- Brief -
Repeat the listing word for word. Leave every picture out.

- Material provided -
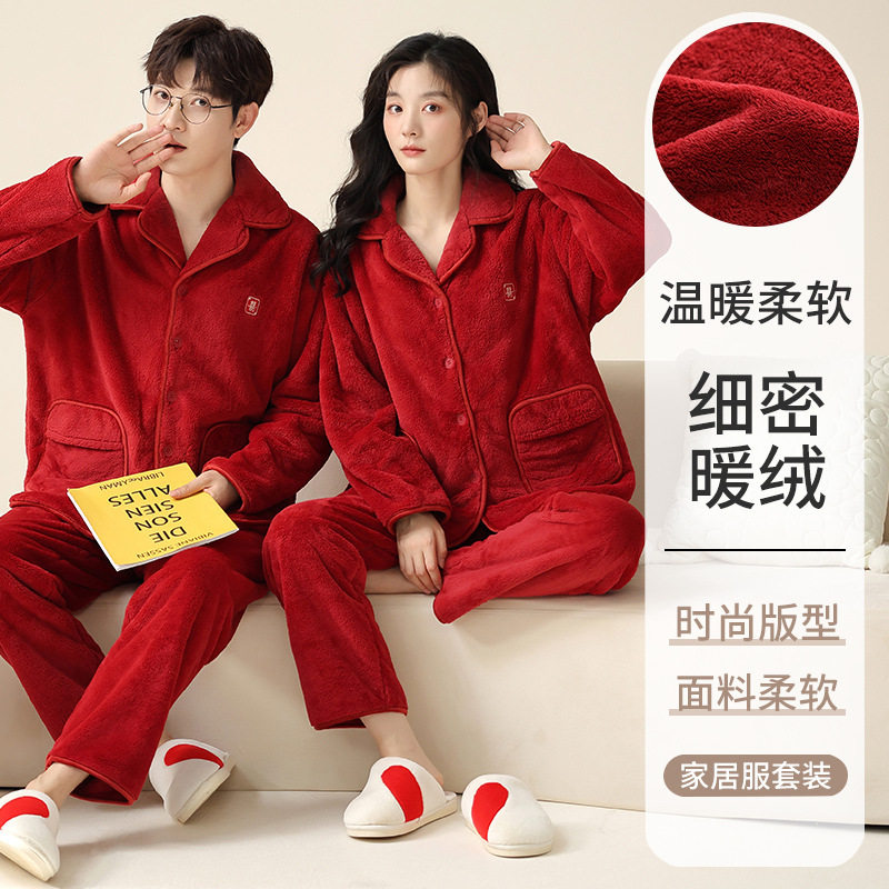 情侣睡衣秋冬款珊瑚绒冬季女士可外穿加厚加绒男士保暖家居服套装
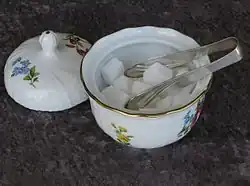 - ↑ Beschreibung auf einer Packung Würfelzucker von der Südzucker AG zu 500 g mit 168 Zuckerwürfeln
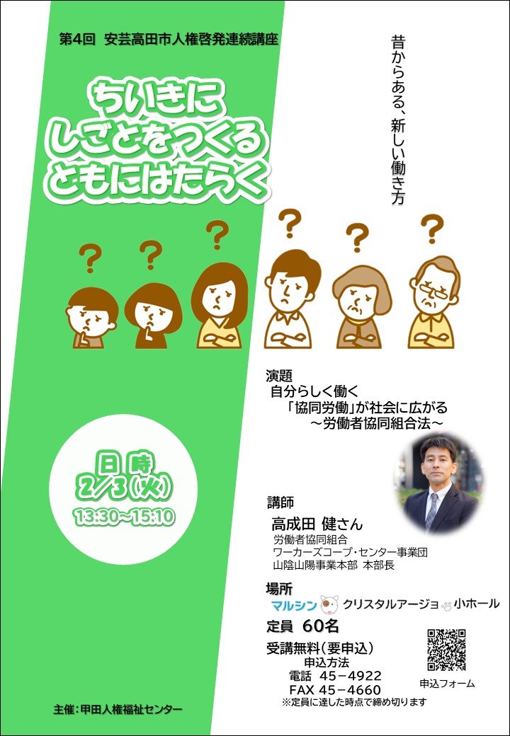 講師:高成田 健さん 労働者協同組合ワーカーズコープ・センター事業団 山陰山陽事業本部 本部長
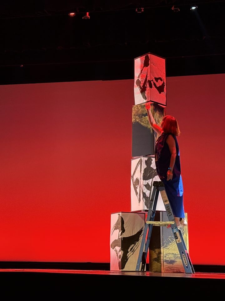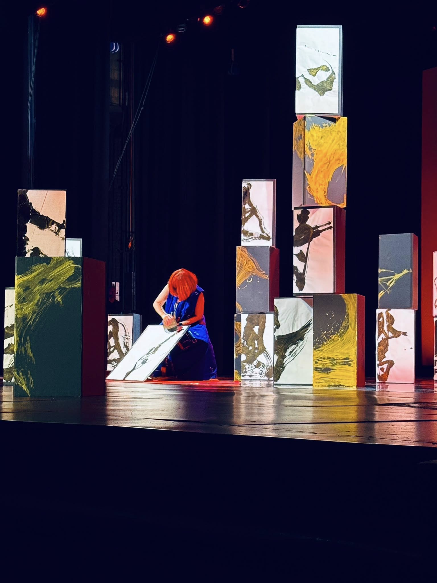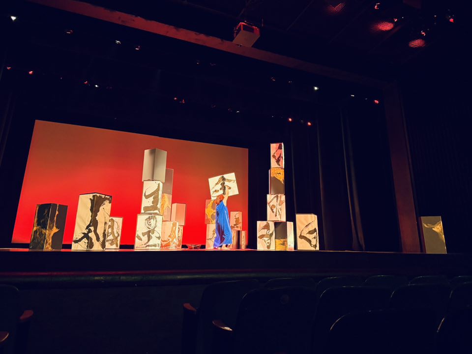 大人気の和太鼓&マリンバのユニット、GONNA。木村勇介率いるこのグループがさまざまなプロミュージシャンとコラボレーションする祭典「THE」のスペシャルライブの舞台装飾をさせていただきました。いつもよりサイズが大きな立体書に、「THE」「和太鼓」「GUITAR」「雫」「幻」などの文字を書き、上から吊るし、さまざまな照明に照らされ、七変化していく様は、圧巻でした!

- Exercise response -
 情侣睡衣秋冬款珊瑚绒冬季女士可外穿加厚加绒男士保暖家居服套装
 - ↑ Beschreibung auf einer Packung Würfelzucker von der Südzucker AG zu 500 g mit 168 Zuckerwürfeln
 講師:高成田 健さん 労働者協同組合ワーカーズコープ・センター事業団 山陰山陽事業本部 本部長
 大人気の和太鼓&マリンバのユニット、GONNA。木村勇介率いるこのグループがさまざまなプロミュージシャンとコラボレーションする祭典「THE」のスペシャルライブの舞台装飾をさせていただきました。いつもよりサイズが大きな立体書に、「THE」「和太鼓」「GUITAR」「雫」「幻」などの文字を書き、上から吊るし、さまざまな照明に照らされ、七変化していく様は、圧巻でした!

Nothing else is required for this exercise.